Data shown
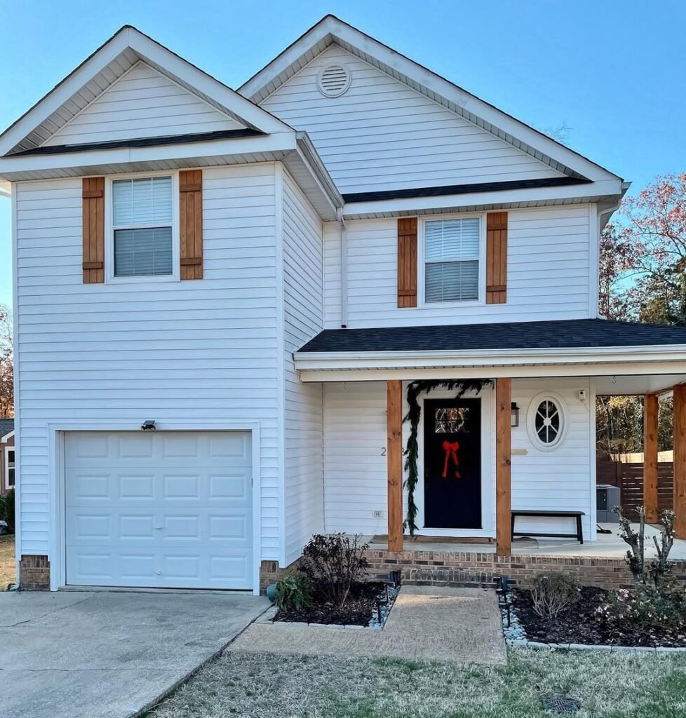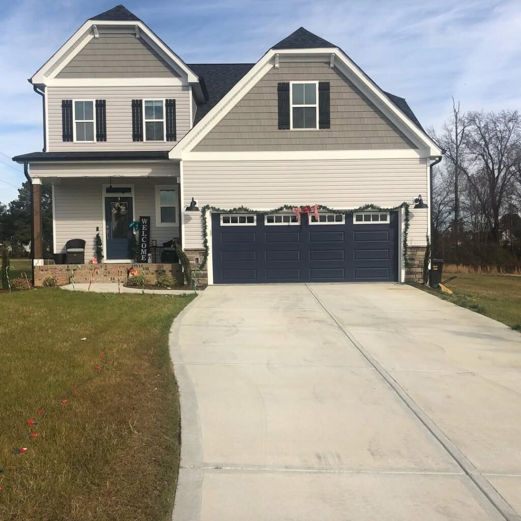 It adds a level of sophistication that coordinates effortlessly with the shutters and grey siding, proving you don’t need to rebuild your facade to get that custom home feel.
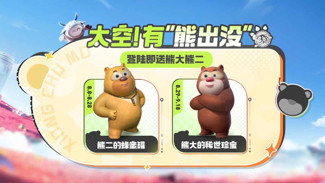 参与版本活动「太空!有“熊出没”」,不仅登录即送熊大、熊二,还有11张熊出没召唤券及家具熊二唱片机、时空穿梭椅免费拿!
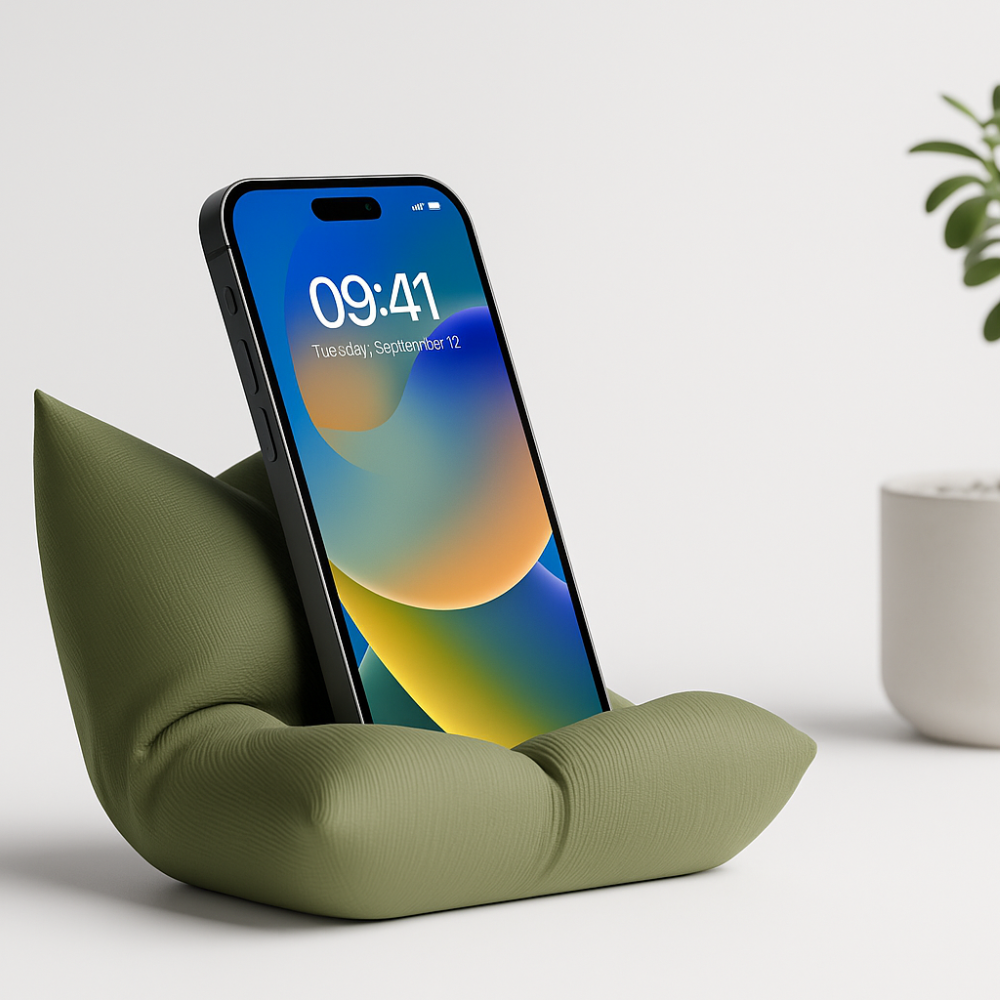 iPhone-Ständer in Kissenform – weich im Look, stark im Halt

Try it
A word-for-word copy of the data above is needed, one that omits the pictures.

Written answer
 It adds a level of sophistication that coordinates effortlessly with the shutters and grey siding, proving you don’t need to rebuild your facade to get that custom home feel.
 参与版本活动「太空!有“熊出没”」,不仅登录即送熊大、熊二,还有11张熊出没召唤券及家具熊二唱片机、时空穿梭椅免费拿!
 iPhone-Ständer in Kissenform – weich im Look, stark im Halt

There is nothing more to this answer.